▶ **Information provided**:
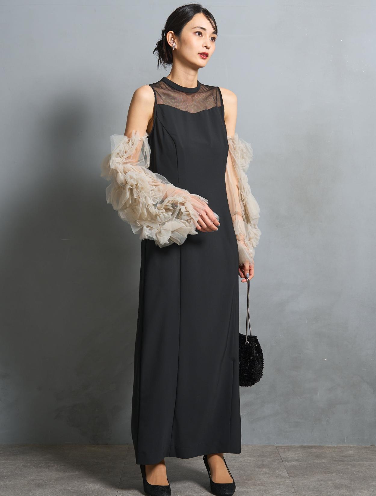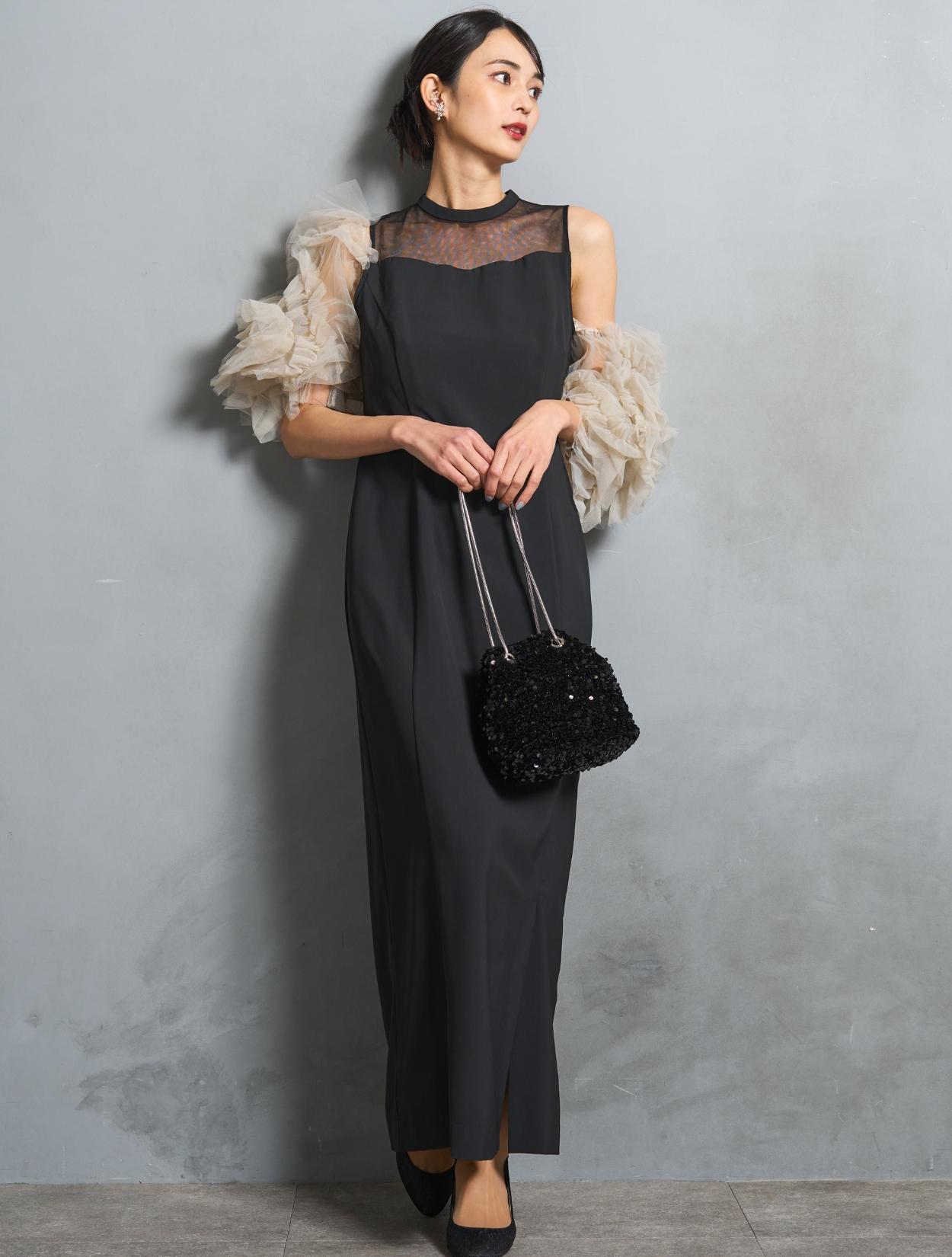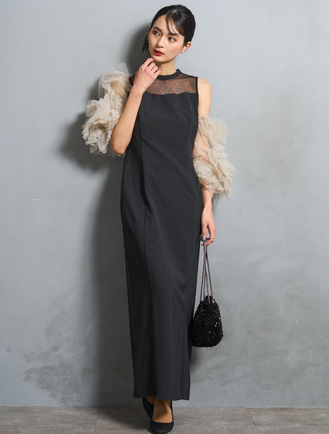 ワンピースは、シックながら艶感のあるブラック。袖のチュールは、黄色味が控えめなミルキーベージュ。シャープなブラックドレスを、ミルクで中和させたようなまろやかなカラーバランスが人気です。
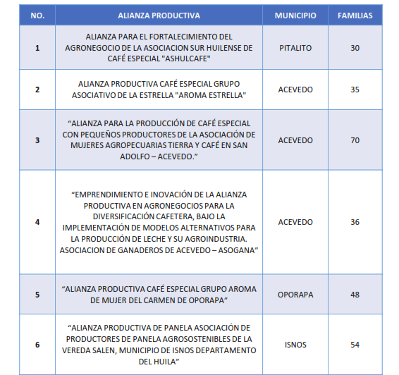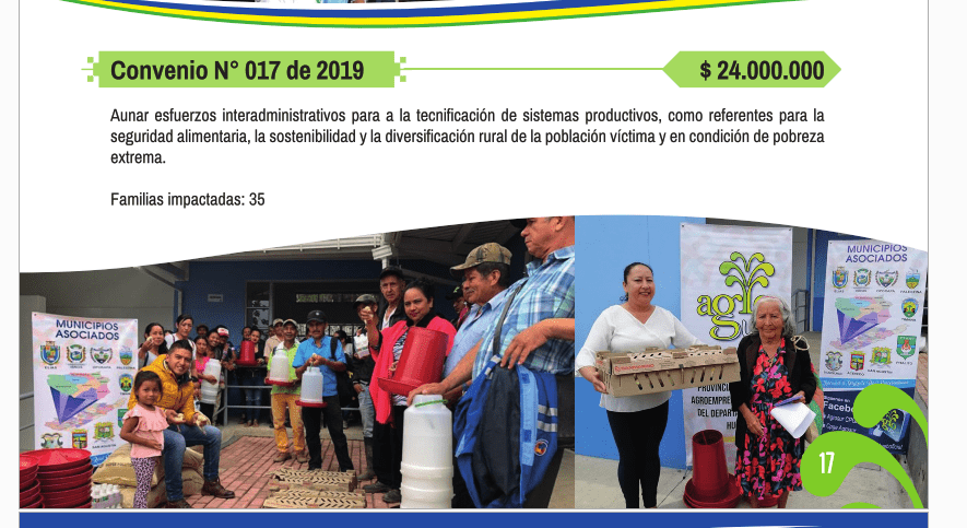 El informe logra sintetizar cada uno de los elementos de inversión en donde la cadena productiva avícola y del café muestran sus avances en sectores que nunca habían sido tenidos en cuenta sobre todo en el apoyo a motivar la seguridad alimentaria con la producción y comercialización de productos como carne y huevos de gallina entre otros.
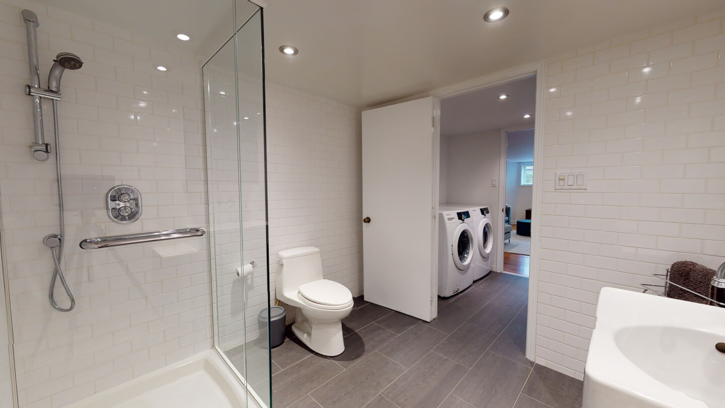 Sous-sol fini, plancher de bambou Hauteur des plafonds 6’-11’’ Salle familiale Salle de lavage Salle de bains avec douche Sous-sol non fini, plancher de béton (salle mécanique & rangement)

▶ **Exercise instructions**: Transcribe the data word for word, with no images.

▶ **Solution**:
 ワンピースは、シックながら艶感のあるブラック。袖のチュールは、黄色味が控えめなミルキーベージュ。シャープなブラックドレスを、ミルクで中和させたようなまろやかなカラーバランスが人気です。
 El informe logra sintetizar cada uno de los elementos de inversión en donde la cadena productiva avícola y del café muestran sus avances en sectores que nunca habían sido tenidos en cuenta sobre todo en el apoyo a motivar la seguridad alimentaria con la producción y comercialización de productos como carne y huevos de gallina entre otros.
 Sous-sol fini, plancher de bambou Hauteur des plafonds 6’-11’’ Salle familiale Salle de lavage Salle de bains avec douche Sous-sol non fini, plancher de béton (salle mécanique & rangement)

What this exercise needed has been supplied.